— TASK DIRECTIONS —
Emit a verbatim copy of the lines below from the line with "花茶天猫店首页常规页面马卡龙浪漫甜美花瓣" through the line with "Reggae-colored African Map", excluding pictures and everything outside that range.

— SUPPLIED INFORMATION —
———

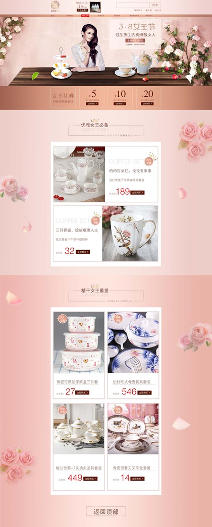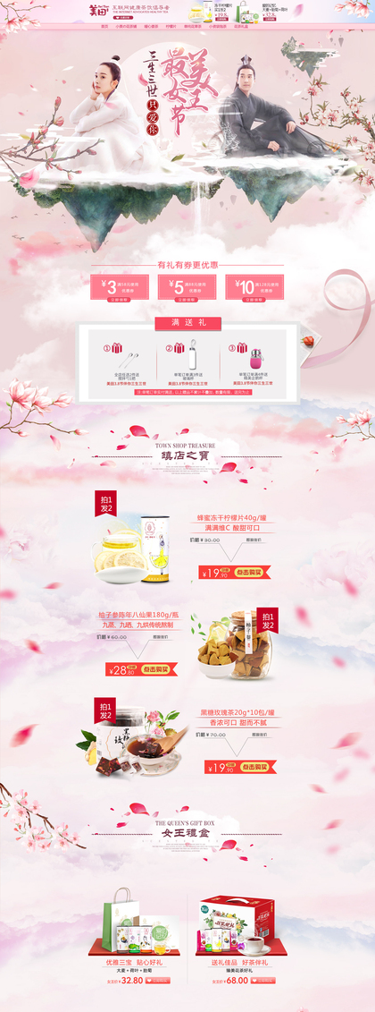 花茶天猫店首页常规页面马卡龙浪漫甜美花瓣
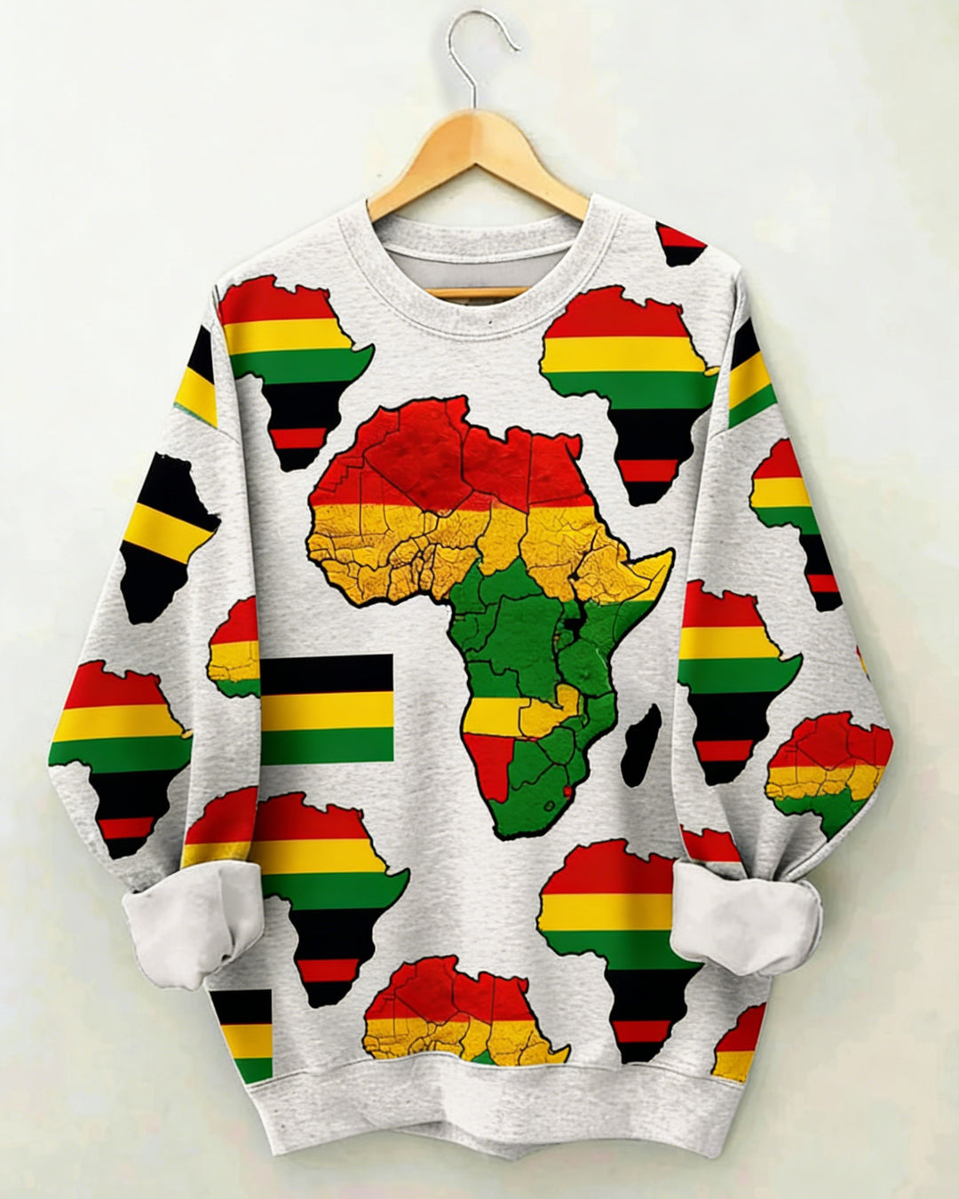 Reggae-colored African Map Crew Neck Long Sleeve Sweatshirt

———

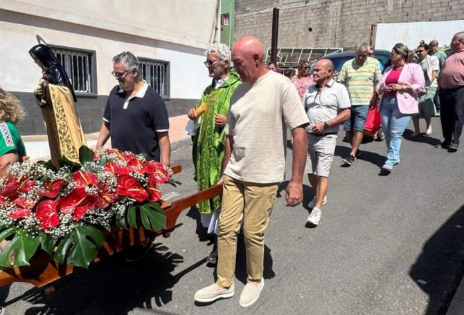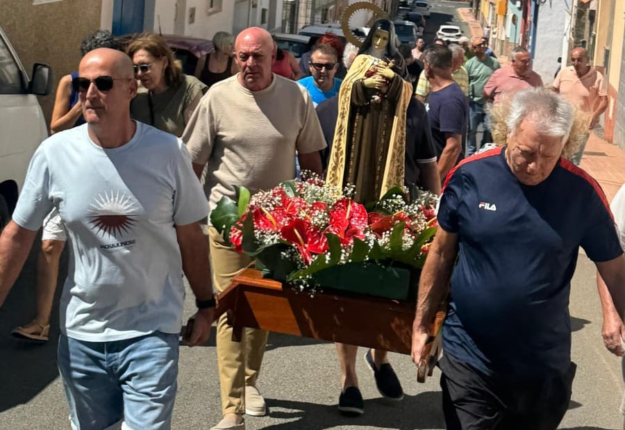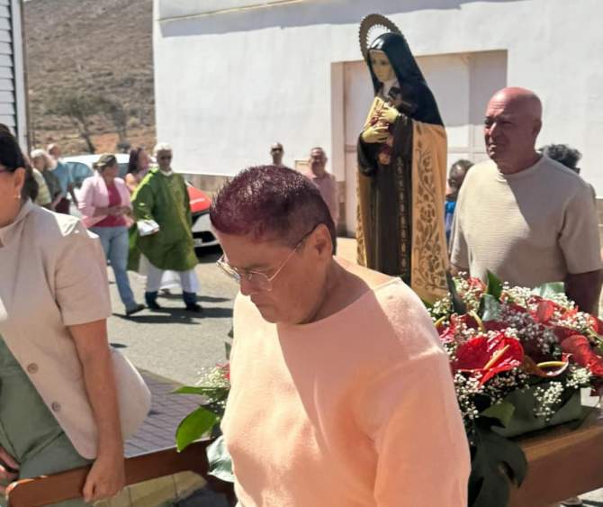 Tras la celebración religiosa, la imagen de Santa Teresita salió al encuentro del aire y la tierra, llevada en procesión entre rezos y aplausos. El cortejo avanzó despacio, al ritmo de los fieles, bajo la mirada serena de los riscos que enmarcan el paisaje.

———

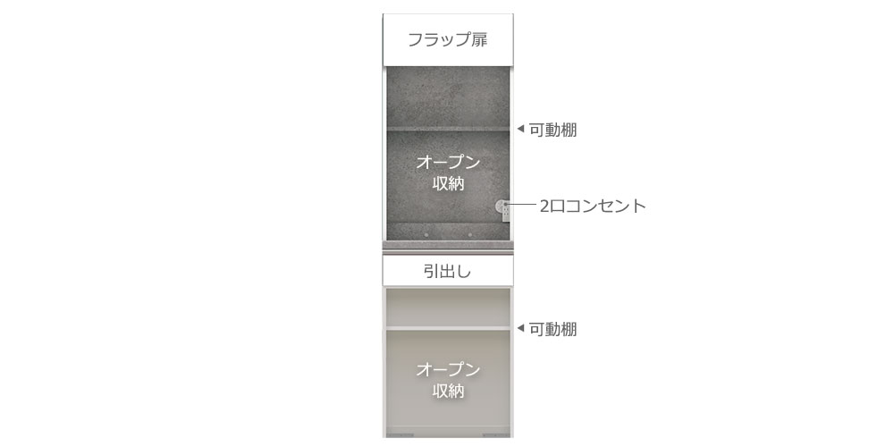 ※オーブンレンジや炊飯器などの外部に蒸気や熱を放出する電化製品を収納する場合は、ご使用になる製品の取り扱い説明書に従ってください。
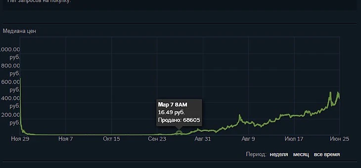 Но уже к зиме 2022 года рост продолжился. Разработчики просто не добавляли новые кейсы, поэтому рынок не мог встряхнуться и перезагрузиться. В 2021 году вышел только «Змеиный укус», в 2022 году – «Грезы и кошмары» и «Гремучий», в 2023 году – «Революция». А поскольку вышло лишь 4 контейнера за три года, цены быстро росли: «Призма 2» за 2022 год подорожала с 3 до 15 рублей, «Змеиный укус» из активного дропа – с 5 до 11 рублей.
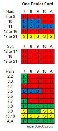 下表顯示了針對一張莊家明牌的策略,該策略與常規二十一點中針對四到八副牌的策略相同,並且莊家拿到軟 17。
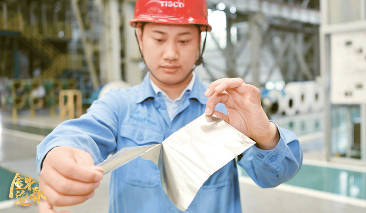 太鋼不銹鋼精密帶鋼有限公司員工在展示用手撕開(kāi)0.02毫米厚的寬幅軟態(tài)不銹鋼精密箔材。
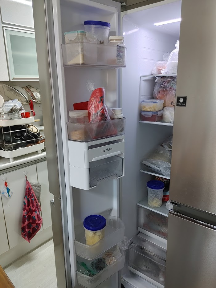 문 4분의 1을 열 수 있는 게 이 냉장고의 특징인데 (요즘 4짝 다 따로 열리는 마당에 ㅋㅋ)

———

— EXERCISE RESPONSE —
 花茶天猫店首页常规页面马卡龙浪漫甜美花瓣
 Reggae-colored African Map Crew Neck Long Sleeve Sweatshirt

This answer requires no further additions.